Re: [inotify] fee1df54b6: BUG_kmalloc-#(Not_tainted):Freepointer_corrupt

From: Andrey Vagin
Date: Tue Dec 13 2016 - 17:18:23 EST


On Tue, Dec 13, 2016 at 11:34 AM, Nikolay Borisov
<n.borisov.lkml@xxxxxxxxx> wrote:
>
>
> On 13.12.2016 20:51, Eric W. Biederman wrote:
>> Nikolay Borisov <n.borisov.lkml@xxxxxxxxx> writes:
>>
>>> So this thing resurfaced again and I took a hard look into the code but
>>> couldn't find anything suspicious. So the allocating and freeing
>>> contexts leads me to believe it's the 'tbl' pointer that is being
>>> corrupted.

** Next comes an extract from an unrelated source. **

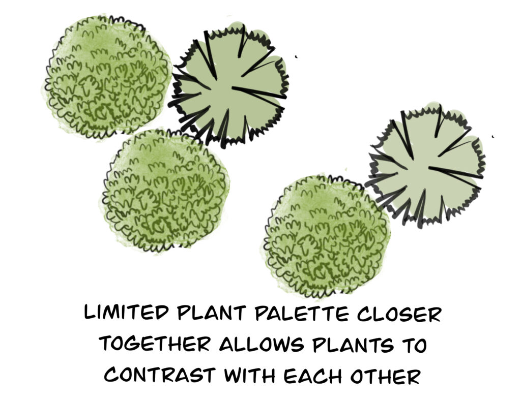 In these instances, you can pair plants that have widely different leaf shapes, like the agave and ephedra pictured below. The effect is something you wouldn’t appreciate if there was a large gap between the plants. A lot of flora have distinctive attributes like bark patterns, seedheads, dried flowers or an overall shape that allow them to stand out when accompanied by contrasting plants.

The only thing which I do with it is to increase it by two.
>>>
>>> Perhaps some liveness issues.
>>
>> To me it feels like a double free somewhere. Like we call dec_ucount
>> and thus put_ucount multiple times in a way that goes to 0.
>>
>> Perhaps there is a peculiarity in the existing code which allows the
>> count to go to zero which we don't notice because we don't free anything
>> when the count goes to zero today.
>>
>> Perhaps there is some subtle semantic mismatch between your conversion
>> and the inotify code.
>>
>> I don't know if you made a subtle misreading of the code, or if
>> there is an existing bug that your changes took from harmless to
>> problematic, but the evidence is overwhelming that something
>> is going wrong and it is your patch that brings it out.
>>
>> If it helps the openvz folks apparently reproduced this with the criu
>> regression tests and the appropriate kernel debug options, and confirmed
>> the failure was your patch.
>
> Great but I think I missed this conversation, care to send relevant
> threads? I'd like to get to the bottom of this and have it merged?
>
> @openvz guys - if you care to shout with more details I'd love to work
> on getting this fixed!

Hi Nikolay,

We execute CRIU tests for linux-next and a few days ago they triggered
a kernel bug:
http://www.spinics.net/lists/linux-mm/msg118204.html

If you want to execute these tests to reproduce a bug, you need to do
these steps:

$ apt-get install gcc make protobuf-c-compiler libprotobuf-c0-dev libaio-dev \
libprotobuf-dev protobuf-compiler python-ipaddr libcap-dev \
libnl-3-dev gdb bash python-protobuf
$ git clone https://github.com/xemul/criu.git
$ cd criu
$ make
$ python test/zdtm.py run -a -p 4

Here is a config file, which we use to compile a kernel:
https://github.com/avagin/criu-jenkins-digitalocean/blob/master/jenkins-scripts/config

I recommend to boot the kernel with slub_debug=FZ.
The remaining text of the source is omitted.